According to the ‘Insights and Opportunities for Regional Expansion Success – Interconnecting Asia-Pacific and Latin America’ report of Nuvei, ecommerce is expected to grow by 20% annually in Brazil, between 2022 and 2026, reaching up to USD 328 billion. Moreover, Asian companies will represent 28% of Latin American ecommerce imports by 2026.
The report also shows that in Mexico, ecommerce growth will increase by 32% per year over the same period, between 2022 and 2026. Much of the growth will also be driven by Asian companies, which currently count for only 16% of the total ecommerce imports.
Why is LATAM an attractive market for Asian companies?
Out of all countries from LATAM, Brazil and Mexico are particularly relevant and attractive for their size, dynamism, and cultural patters, which are similar to Asian markets.
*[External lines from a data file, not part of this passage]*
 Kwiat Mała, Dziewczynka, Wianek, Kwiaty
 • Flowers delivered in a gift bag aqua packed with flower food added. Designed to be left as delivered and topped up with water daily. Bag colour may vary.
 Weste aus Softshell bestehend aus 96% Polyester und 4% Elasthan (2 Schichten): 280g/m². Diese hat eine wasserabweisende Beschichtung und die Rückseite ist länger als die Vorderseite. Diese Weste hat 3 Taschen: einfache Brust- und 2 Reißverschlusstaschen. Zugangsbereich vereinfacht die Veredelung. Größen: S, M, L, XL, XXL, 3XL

Argentina comes next in preferences for Asian companies as it is a former land for Japanese immigrants. Japanese migration to Argentina began in 1908 and, while most of them settled and adopted the culture, they also maintained much of their local culture, which could be a reason why Asian companies continue to be interested in the area.
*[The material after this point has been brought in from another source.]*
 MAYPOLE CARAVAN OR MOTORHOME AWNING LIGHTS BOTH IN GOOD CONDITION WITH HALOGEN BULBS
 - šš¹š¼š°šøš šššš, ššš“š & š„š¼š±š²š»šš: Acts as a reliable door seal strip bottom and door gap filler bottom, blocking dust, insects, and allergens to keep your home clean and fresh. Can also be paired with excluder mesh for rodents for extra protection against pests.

Moreover, LATAM counts for hundreds of local payment methods, which also drives success as merchants can easily integrate and find the right payment method to attract clients on their ecommerce platforms. Businesses are looking to expand their operations and target customers beyond their region of origin, making LATAM the top of their expansion list due to its dynamic culture, buzz, and versatility.
The study was conducted using indicators from the AMI Latin America ecommerce Library and consists of data covering 17 markets in the region, as well as over 40 industry stakeholders across LATAM.